Research Group “Spatial References”

The Spatial References Research Group addresses two key themes of relevance to the URPP language and space.  The first of these themes is methodological, and concerned with the development of methods to extract spatial information from text. Central to this theme is automatic named entity recognition, that is to say the identification and spatial grounding of references to specific locations in language. In particular, we are interested in the analysis of texts that are rich in spatial information and provide fine-grained toponym information. The Text+Berg corpus is an example of such a text where mountaineering reports specify fine details of positional and directional information and give descriptions of the relevant landmarks. Our research focuses on methods for automatic recognition and analysis of different types of toponyms (natural entities: e.g. mountains, glaciers, lakes; and man-made entities: e.g. cabins, dams, towers). The analysis consists of recognition, classification, building co-reference chains and grounding. It also includes disambiguation of geo/non-geo ambiguities (e.g. Mönch as mountain name or as monk) and geo/geo ambiguities (e.g. there are more than a dozen mountains in Switzerland called Schwarzhorn). Ongoing work in both geography and computational linguistics will be harnessed to develop a set of tools capable of processing and visualizing results over time. Recent approaches to this problem focus on the use of machine learning and investigating statistical and hybrid perspectives. To date, these have concentrated on corpora for which annotations are already available, typically in the form of Wikipedia, Twitter and so on where georeferenced metadata associated with unstructured texts are already available. However, we argue that there is a pressing need to develop methods on more representative corpora, written in more traditional ways. We therefore propose in this group to build manually annotated corpora for training and evaluation of such systems, focused specifically on texts rich in spatial information such as the Text+Berg corpus.

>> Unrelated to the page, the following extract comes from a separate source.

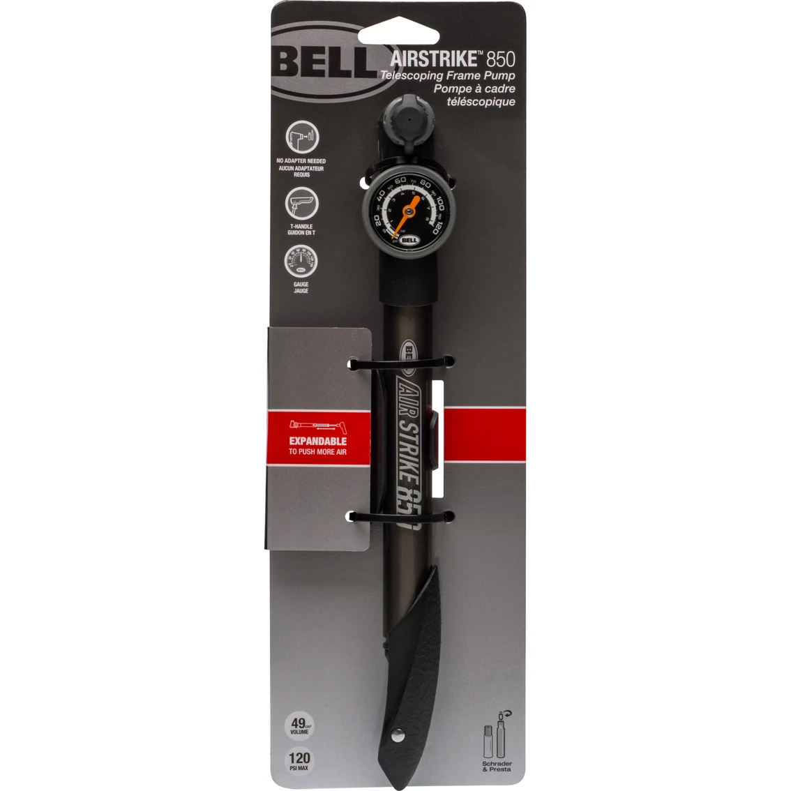 Bell Sports Air Strike Series frame pumps provide a quick, easy solution for inflating your tires or fixing a flat on the road or trail. Compact and lightweight, this high-pressure and high volume frame pump has a 120 psi max. Smart valve fits both Presta and Schrader valves without any adaptors. The pump has a folding, soft-touch T-handle and integrated pressure gauge.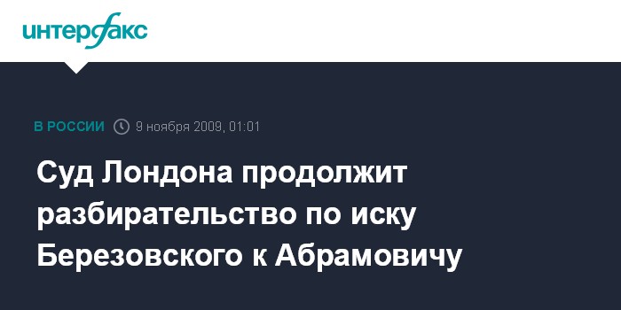 Лондон. 9 ноября. ИНТЕРФАКС - Коммерческий суд Лондона в понедельник продолжит разбирательство по иску Бориса Березовского к Роману Абрамовичу.

The second theme relates to using spatially-rich texts as ways of understanding culture. Ekaterina Egorova’s PhD thesis is an example of such ongoing work, which we seek to broaden in a collaborative project. By integrating methodological advances such as those described above, we can focus on an object of study (e.g. mountains and cultural understandings thereof or descriptions of space as produced in postcards) and use linguistically informed methods to analyze corpora containing spatially referenced descriptions. Thus, for instance, we will gain insights into the influence of language on human-landscape relations by examining the way landscape is described in oral and written sources and the meanings attached to it. Studying the way we talk about landscape provides valuable clues regarding its meaning and the role of cultural practices, and has direct relevance to decision-making processes.